Мы все, кроме Игоря, понимали, что это уже все, точка невозврата. Отец отдал мне филиал в этом городе, знаешь, негласный такой обмен на семейное спокойствие. Я работал как ишак и деньги у меня появились. Игорь мгновенно утратил интерес к родителям. Сначала я давал ему, как бы откупаясь… когда времени больше стало, пробовал перевоспитать, только все уже… поздно. Ну и хули мне делать? Он мой брат. Он единственный мой кровный родственник, какой-никакой… Но Игорь не понимает хорошего отношения, а у любого человека есть предел терпения. И на днях он мой предел переступил. Я ж ему руку тогда пробил, а он деньги взглядом не отпускал… И, сука, иногда меня посещают грешные мысли… А потом как будто отпускает, и в голове снова — он же брат, он же мой родной человек … Но тогда… блядь, вот говорю и сам себе не верю. Знаю же, что пройдет время, я остыну и снова ему и денег дам и врачей оплачу… Какой-то порочный круг и хуй знает что с этим делать. И что я вообще делаю…
Что делаешь? — мрачно думаю я, глядя в его профиль. — Любишь. Любишь его, несмотря на то, что он такой любви не достоин. И едва ли когда-либо вообще будет достоин хотя бы сотой ее части. Впрочем, любви вообще сложно быть достойным. Особенно такой.
Но я смотрю на Зорина, бледного, напряженного, не отрывающего взгляда от тлеющего конца сигареты в пальцах левой руки сжимающей руль и понимаю только одно — что он любит и предан твари, нещадно этим пользующейся. А это ведь частый сценарий у жизни. Снова звонок. Берет трубку и безумно устало отвечает.

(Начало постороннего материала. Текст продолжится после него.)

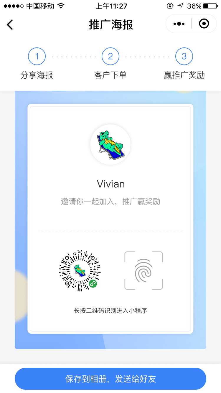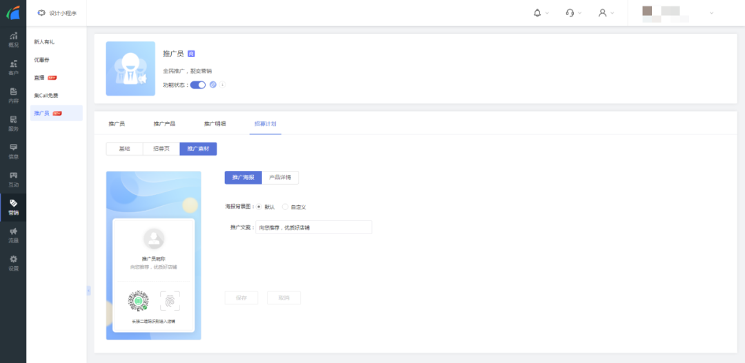 - 推广海报:可支持设置海报背景图以及推广文案。
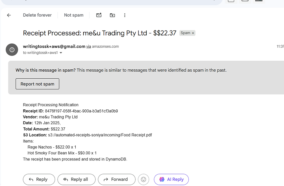 Verified sender/recipient identities in Amazon SES, set sandbox-mode emails, and defined notification content (vendor, date, total, S3 link). Established a reliable channel for post-processing confirmations and escalation.

— Да… жди. Сейчас приеду. — Отключается, и не глядя на меня, тихо, очень виновато произносит, — Оль, я не знаю, что это сейчас было… И мне вообще не следовало об этом говорить. Прости. Я каждый раз пытаюсь сделать что-то, а выходит…
— Какая-то лажа. — Заканчиваю его цитату, сказанную тогда, в ресторане. Когда я пришла поблагодарить его за браслет. Заканчиваю эту фразу и тянусь на сидении, обвивая его шею руками и притягивая голову к себе.